L’Uppia a 28 ans cette année, mais les consommateurs du même âge ne sont pas encore des « mordus » de la conserve. La dernière étude réalisée sur le sujet pour le compte de l’Union syndicale interprofessionnelle pour la promotion des industries de l’appertisé en boîte métallique (Uppia) fin 2015 montre le peu d’intérêt de la tranche d’âge 18-34 ans pour les boîtes. « Ils vont beaucoup vers le frais et ne pensent pas spontanément à la conserve », souligne Julien Couaillier, délégué général de l’Uppia.
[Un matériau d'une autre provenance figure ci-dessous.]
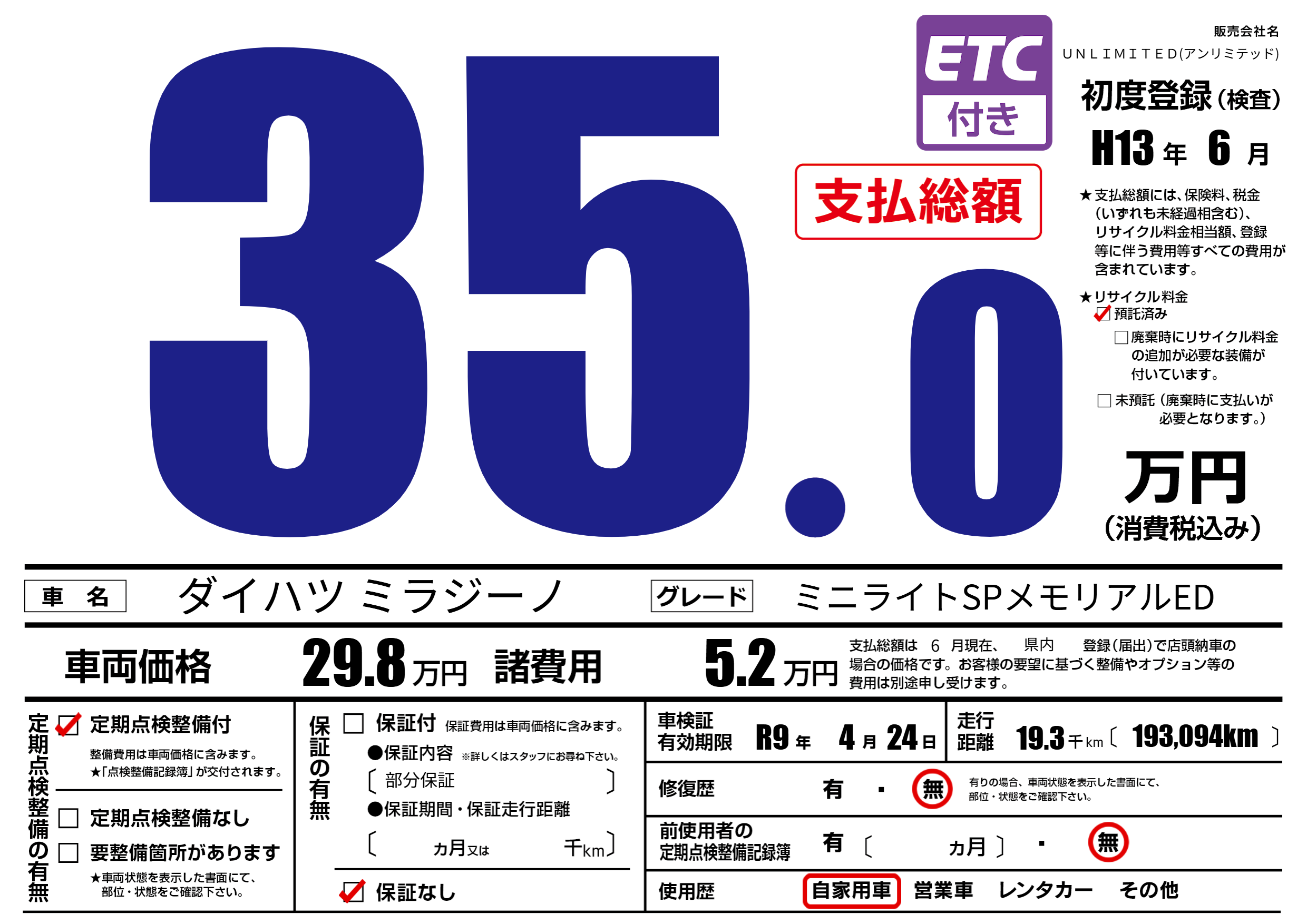 | 走行キロ | 1.9万km | 初年度登録 | H13年6月 |

Et si l’on en croit les résultats du baromètre d’image 2016 des produits en conserve réalisé par Kantar World Panel (auprès de toutes les catégories de publics), les préférences pour le frais et les produits étiquetés santé font de l’ombre à la conserve. Elle pâtit en outre de plusieurs faiblesses telles que l’innovation, l’originalité, le côté appétissant, et surtout le goût qui ressort de loin comme la première raison d’insatisfaction en spontané, comme en assisté. Les jeunes se détournent particulièrement des aliments appertisés avec, en moyenne, 32 kilos par an et par personne alors que les Français toutes catégories confondues en achètent 50 kilos, selon l’Uppia.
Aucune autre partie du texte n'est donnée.